„Die Stimmung ist wirklich nicht so schlecht, wie das häufig kolportiert wird. Man denkt hier, wir stehen kurz vor dem Zusammenbruch, aber das ist nicht der Fall“, stellt Prof. Dr. Joachim Ragitz, stellvertretender Leiter der ifo Niederlassung Dresden, in der neuen Ausgabe des SMWA-Formates „Martin Dulig | Konkret“ fest.
In dem regelmäßigen Talkformat diskutiert Sachsens Wirtschafts- und Arbeitsminister Martin Dulig diesmal mit Expertinnen und Experten aus Wirtschaft und Wissenschaft Lösungsansätze und Handlungsmöglichkeiten für die Stimmungswende in Sachsen.
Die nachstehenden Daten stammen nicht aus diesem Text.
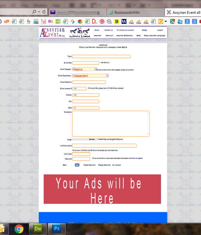 This site was created to promote Assyrian events world-wide. We have tried to make it very easy for users to add their events to the site. We welcome your suggestions/comments about how we can improve the website. Please send us your thoughts and comments.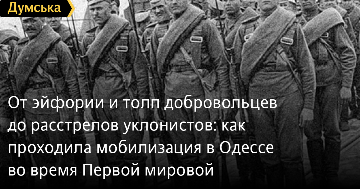 Від ейфорії та натовпів добровольців до розстрілів ухилянтів: як проходила мобілізація в Одесі під час Першої світовоїПитання загальної мобілізації, методів, якими вона проводиться, справедливості призову до армії, строків служби та ухилення від неї зовсім не нове. Україна в цьому плані нічим не виділяється серед країн, яким у різні часи доводилося йти на подібні суворі заходи. Списи через мобілізаційні процеси ламали з самого моменту появи масових регулярних армій, що поповнювалися за таким принципом. «Думська» вирішила згадати колишні мобілізаційні кампанії, що проводилися в Одесі та її околицях. І почнемо ми з Першої світової війни. Українці тоді, нагадаємо, воювали по обидва боки фронту. Наше місто було у складі Російської імперії. БЕЗСТРОКОВА МОБІЛІЗАЦІЯ «ДО КІНЦЯ ВІЙНИ» І ВОЛОГІ МРІЇ ПРО ПРОТОКИ І «ЦАРГРАД» До армії та військово-морського флоту імперії Романових призивали всіх здорових чоловіків старше 21 року. До початку світової війни термін служби в сухопутних військах становив 3-4 роки, на флоті – 4 роки, ті, хто відслужив, зараховувалися до запасу на 15 років. Перебування в запасі означало, що під час мобілізації чоловік береться до зброї, причому безстроково – до указу імператора. Після закінчення терміну «запасу» ті, хто відслужив як у флоті, так і в армії до 43 років, значилися воїнами ополчення. Це означало, що, якщо трапиться війна, людина буде служити на нестройовій посаді. Малюнок з газети «Одеські новини», серпень 1914 року Під час першої хвилі загальної мобілізації в імперії були призвані всі запасні нижні чини та офіцери, а також частина воїнів державного ополчення першого та другого розрядів. Розряди воїнів на сучасну мову можна перекласти приблизно як «обмежено придатний до стройової служби» і «придатний виключно до нестройової, допоміжної служби». Втім, протягом Першої світової війни воїни ополчення всіх двох розрядів майже поголовно були мобілізовані та, попри придатність до стройової служби, були направлені в чинні війська. Також в процесі війни призовний вік був знижений з 21 до 20 років. Конкретних термінів мобілізації ніхто і ніколи, ні на початку війни, ні в кінці, офіційно не оголошував. За замовчуванням вважалося, що мобілізовані зобов'язані воювати до перемоги, хоча умов перемоги в Першій світовій тодішні володарі імперії, по суті, не знали. Одні генерали та політики мріяли про повну поразку «германця» — Тройственного, а потім Четвертного союзу в особі Німеччини, Австро-Угорщини, Османської імперії та Болгарії й країн, що приєдналися. Інші вельможі вважали головною метою війни завоювання турецьких проток — Босфору і Дарданелл, а також «Царгорода» — Стамбула. Треті мріяли про «визволення дружніх» народів на Балканах, нові території – захід України – і мільйонні репарації. Втім, вже в 1917 році «германець» переможно входив в Україну і Білорусь, а фантазії тодішніх імперців про нові території, протоки та «Царгороді», так і залишилися мріями. Як і в Україні зразка 2022 року, перші місяці мобілізації супроводжувалися ейфорією і чергами охочих приєднатися до армії біля призовних пунктів. Масовий характер набувають втечі з дому малолітніх одеситів з метою потрапити на фронт. Ось кілька газетних заміток того часу. Липень-серпень 1914 року: «Вчора на збірний пункт військового начальника з'явилася велика гр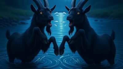 Sekitar lima meter di depan, di tengah aliran sungai, terlihat dua ekor kambing berbulu hitam. Yang satu lebih besar, seolah jantan, dan yang satunya lebih kecil, seperti betina. Anehnya, keduanya berdiri menantang arus, lalu serentak mengangkat dua kaki depan mereka. Suara “mbeeek!” melengking, memecah sunyi malam.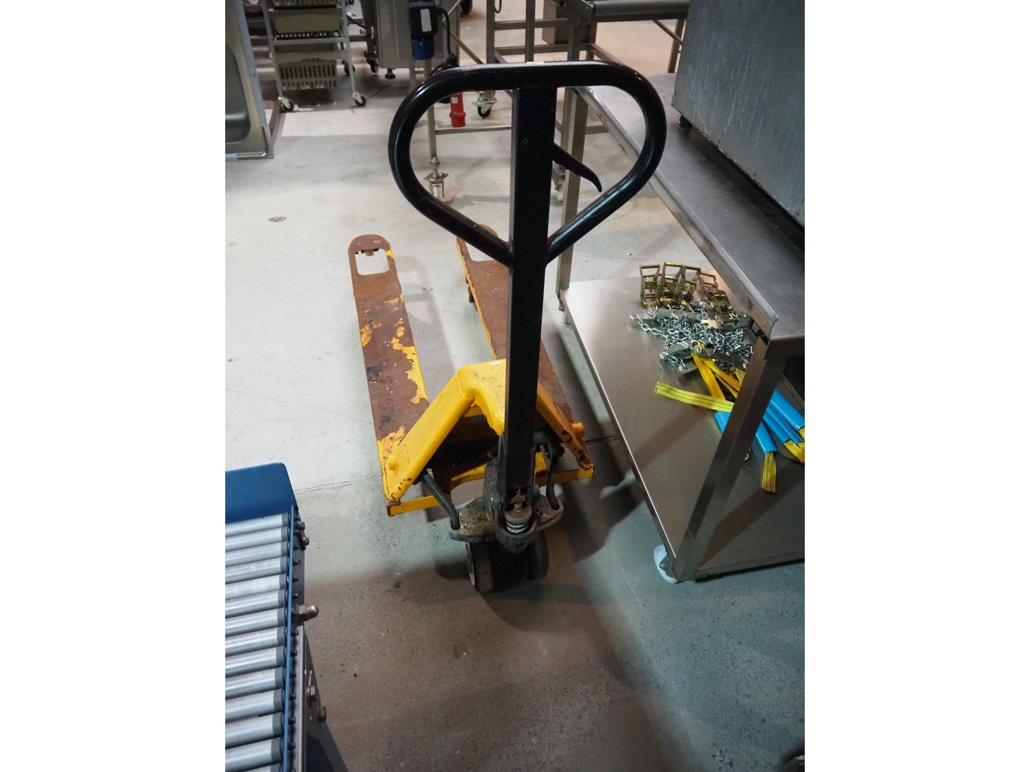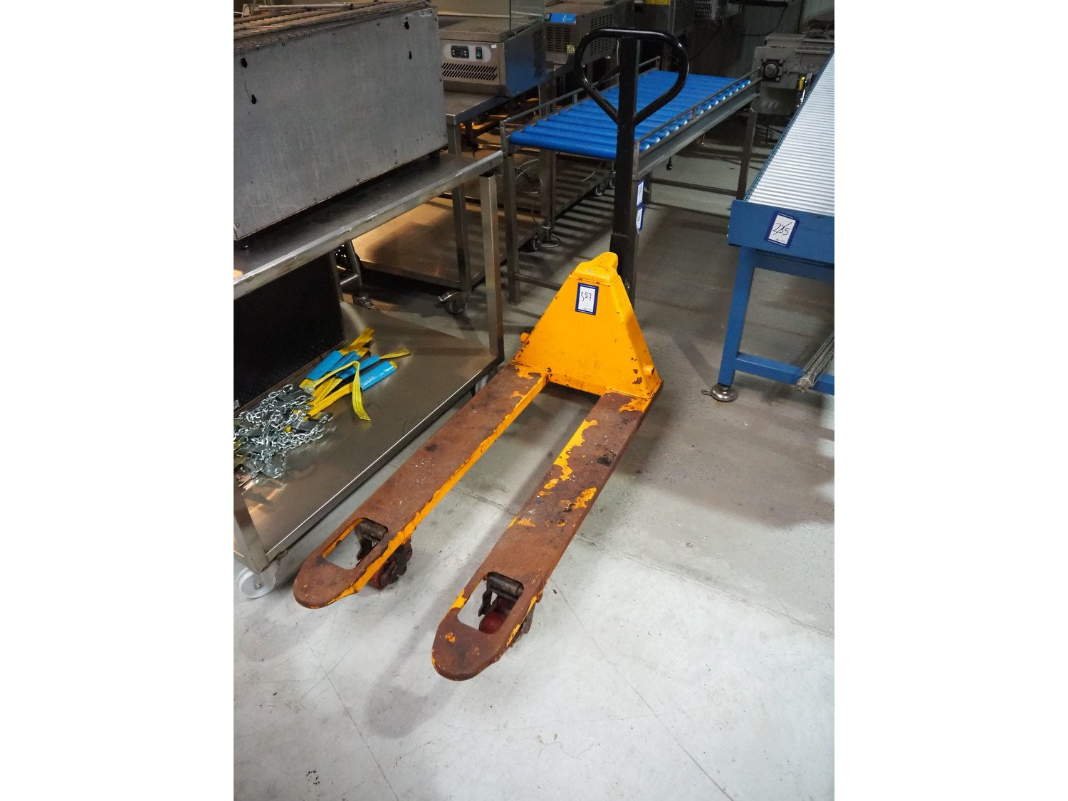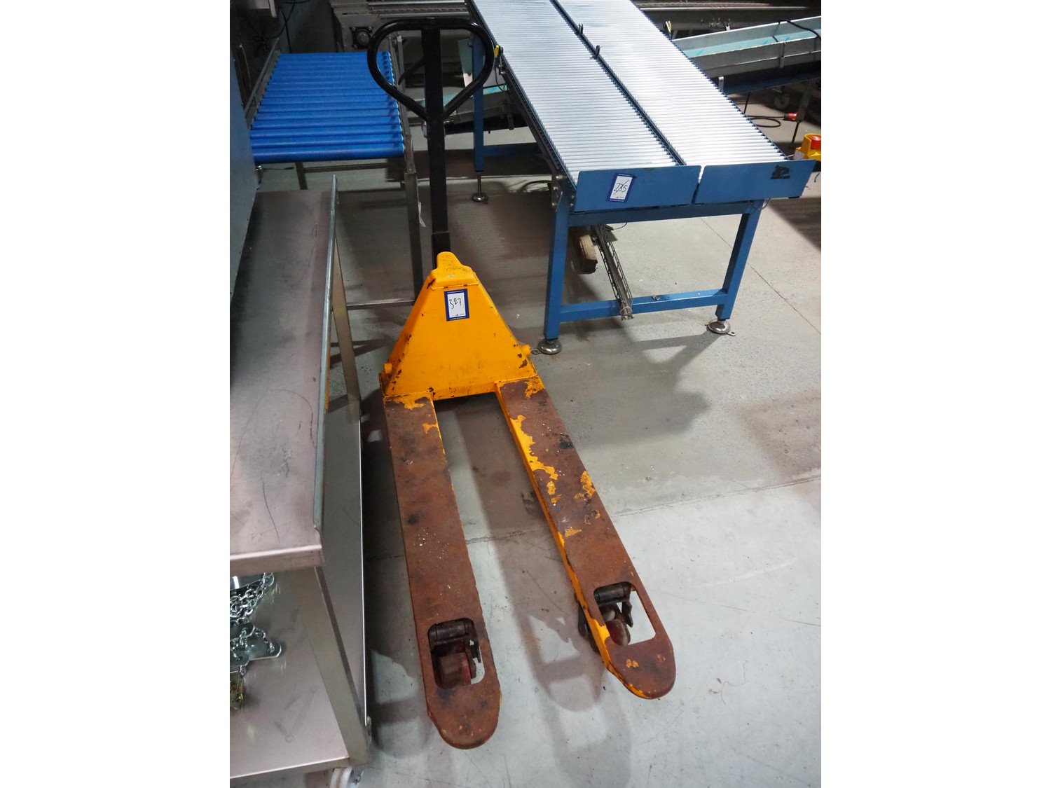 AC-Hand pallet lifter, serial number: 12011395-7/104, year of construction: 2012, capacity: 2500 kg, fork width: 540 mm, fork length: 1150 mm, total dimensions: 1550 mm x 550 mm x 1250 mm. Defect.

Aktuell gibt es vier primär die Menschen bewegende Themen: Migration, Wirtschaft, Souveränität und Klimawandel. Auch in Sachsen zeigt sich ein recht eindeutiges Lagebild: Die Menschen wünschen sich mehr Stabilität und Sicherheit. Die Unternehmen fordern weniger Bürokratie, mehr Energie-Sicherheit, Impulse für die Stimulierung der Wirtschaft und langfristige Lösungen für den Fachkräftemangel.
Eingangs betont Martin Dulig: „Wir leben in einer Zeit der Polykrisen, also Krisen, die sich gegenseitig verstärken. Und ja, man hat das Gefühl, keine Luft mehr zum Atmen zu haben. Erst Corona, dann kam der Krieg und die damit verbundenen Energiepreiskrisen. Die Delle, die jetzt eingetreten ist, macht natürlich was mit den Menschen und den Unternehmen.
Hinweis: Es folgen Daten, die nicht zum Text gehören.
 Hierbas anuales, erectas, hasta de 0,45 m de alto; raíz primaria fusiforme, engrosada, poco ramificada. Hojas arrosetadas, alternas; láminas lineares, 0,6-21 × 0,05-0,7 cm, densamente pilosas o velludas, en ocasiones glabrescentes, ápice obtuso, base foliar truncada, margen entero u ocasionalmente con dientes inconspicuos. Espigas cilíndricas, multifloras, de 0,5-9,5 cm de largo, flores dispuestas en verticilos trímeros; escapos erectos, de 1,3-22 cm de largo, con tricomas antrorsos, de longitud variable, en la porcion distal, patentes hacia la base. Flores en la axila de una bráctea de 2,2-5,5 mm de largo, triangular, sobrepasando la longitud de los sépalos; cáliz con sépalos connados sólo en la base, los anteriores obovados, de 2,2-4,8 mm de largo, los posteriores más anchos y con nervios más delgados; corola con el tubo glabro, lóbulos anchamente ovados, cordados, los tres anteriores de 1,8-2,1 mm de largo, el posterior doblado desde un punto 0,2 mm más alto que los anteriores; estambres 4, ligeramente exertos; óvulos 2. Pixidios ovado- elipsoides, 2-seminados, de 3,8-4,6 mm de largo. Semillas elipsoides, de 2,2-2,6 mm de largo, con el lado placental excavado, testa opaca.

Die zentrale Herausforderung besteht darin, Mut und Zuversicht zu vermitteln und gleichzeitig konkrete Entscheidungen zu treffen, um die Situation für Unternehmen und Industrie zu verbessern. Die Lage ist besser als die Stimmung. Sachsen steht vor der Frage, ob die richtigen Entscheidungen getroffen werden, um Menschen und Investoren anzuziehen.“
Prof. Dr. Joachim Ragitz: „Wir haben eine Stagnation der Wirtschaft. Das ist nicht berauschend, aber auch nicht dramatisch. Im Jahr 2020 gab es einen Einbruch des BIP von fünf Prozent. Aktuell gibt es tiefe Strukturumbrüche, die wir mit einer Transformation der Wirtschaft umgehen müssen. Die Wirtschaft bewegt sich bereits.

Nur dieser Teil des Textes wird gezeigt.